_What is needed_
Return an exact copy of the entries, skipping any picture you find.

[[ Record extracts, beginning ]]

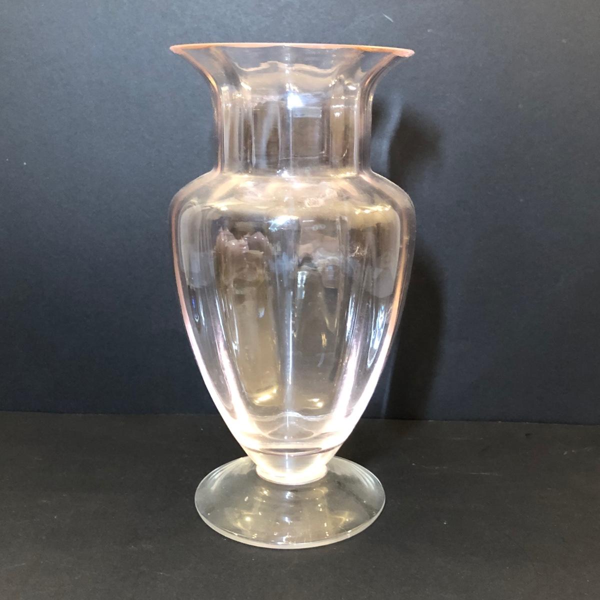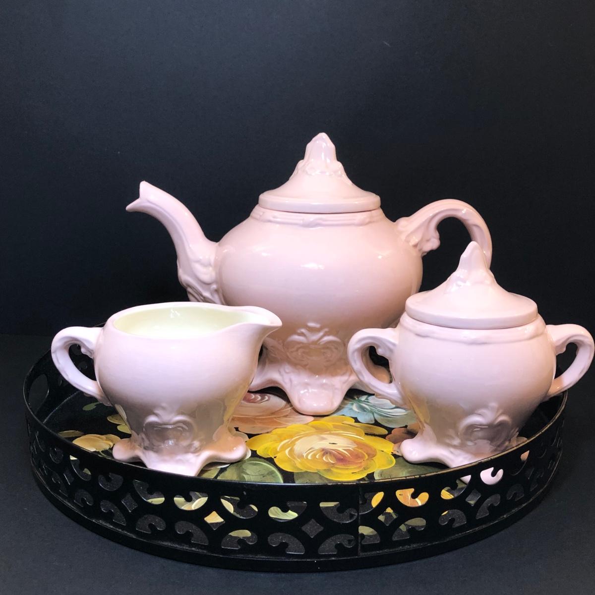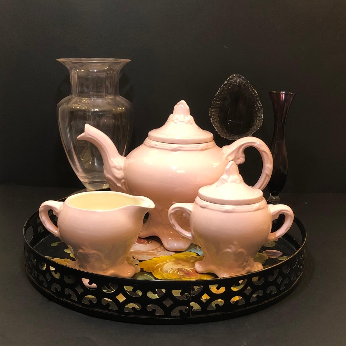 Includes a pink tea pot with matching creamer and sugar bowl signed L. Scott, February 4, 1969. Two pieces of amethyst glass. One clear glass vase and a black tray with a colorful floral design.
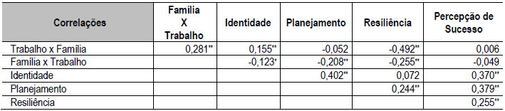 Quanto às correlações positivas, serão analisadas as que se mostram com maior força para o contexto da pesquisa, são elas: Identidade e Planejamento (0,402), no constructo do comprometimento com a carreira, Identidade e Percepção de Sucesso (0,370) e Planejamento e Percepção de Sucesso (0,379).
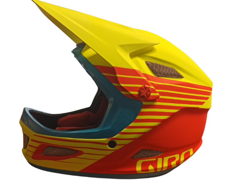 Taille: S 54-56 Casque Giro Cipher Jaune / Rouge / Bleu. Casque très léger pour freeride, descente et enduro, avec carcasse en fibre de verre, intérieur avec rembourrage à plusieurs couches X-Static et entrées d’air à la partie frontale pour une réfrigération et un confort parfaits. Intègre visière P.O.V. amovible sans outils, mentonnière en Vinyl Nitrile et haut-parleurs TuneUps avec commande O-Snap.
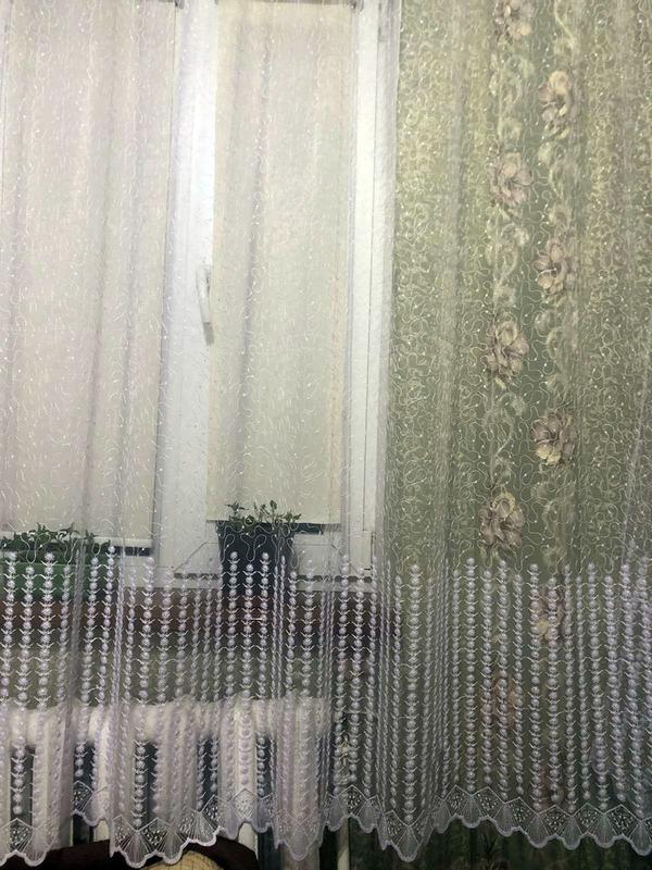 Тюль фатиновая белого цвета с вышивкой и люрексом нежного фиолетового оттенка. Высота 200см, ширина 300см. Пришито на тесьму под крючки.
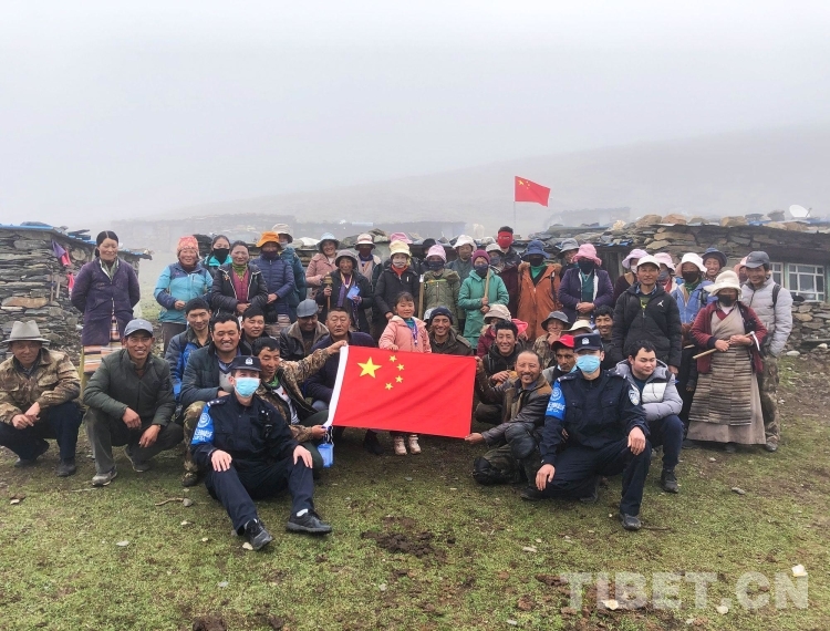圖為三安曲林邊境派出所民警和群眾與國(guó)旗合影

[[ Record extracts, end ]]

_Written answer_
 Includes a pink tea pot with matching creamer and sugar bowl signed L. Scott, February 4, 1969. Two pieces of amethyst glass. One clear glass vase and a black tray with a colorful floral design.
 Quanto às correlações positivas, serão analisadas as que se mostram com maior força para o contexto da pesquisa, são elas: Identidade e Planejamento (0,402), no constructo do comprometimento com a carreira, Identidade e Percepção de Sucesso (0,370) e Planejamento e Percepção de Sucesso (0,379).
 Taille: S 54-56 Casque Giro Cipher Jaune / Rouge / Bleu. Casque très léger pour freeride, descente et enduro, avec carcasse en fibre de verre, intérieur avec rembourrage à plusieurs couches X-Static et entrées d’air à la partie frontale pour une réfrigération et un confort parfaits. Intègre visière P.O.V. amovible sans outils, mentonnière en Vinyl Nitrile et haut-parleurs TuneUps avec commande O-Snap.
 Тюль фатиновая белого цвета с вышивкой и люрексом нежного фиолетового оттенка. Высота 200см, ширина 300см. Пришито на тесьму под крючки.
圖為三安曲林邊境派出所民警和群眾與國(guó)旗合影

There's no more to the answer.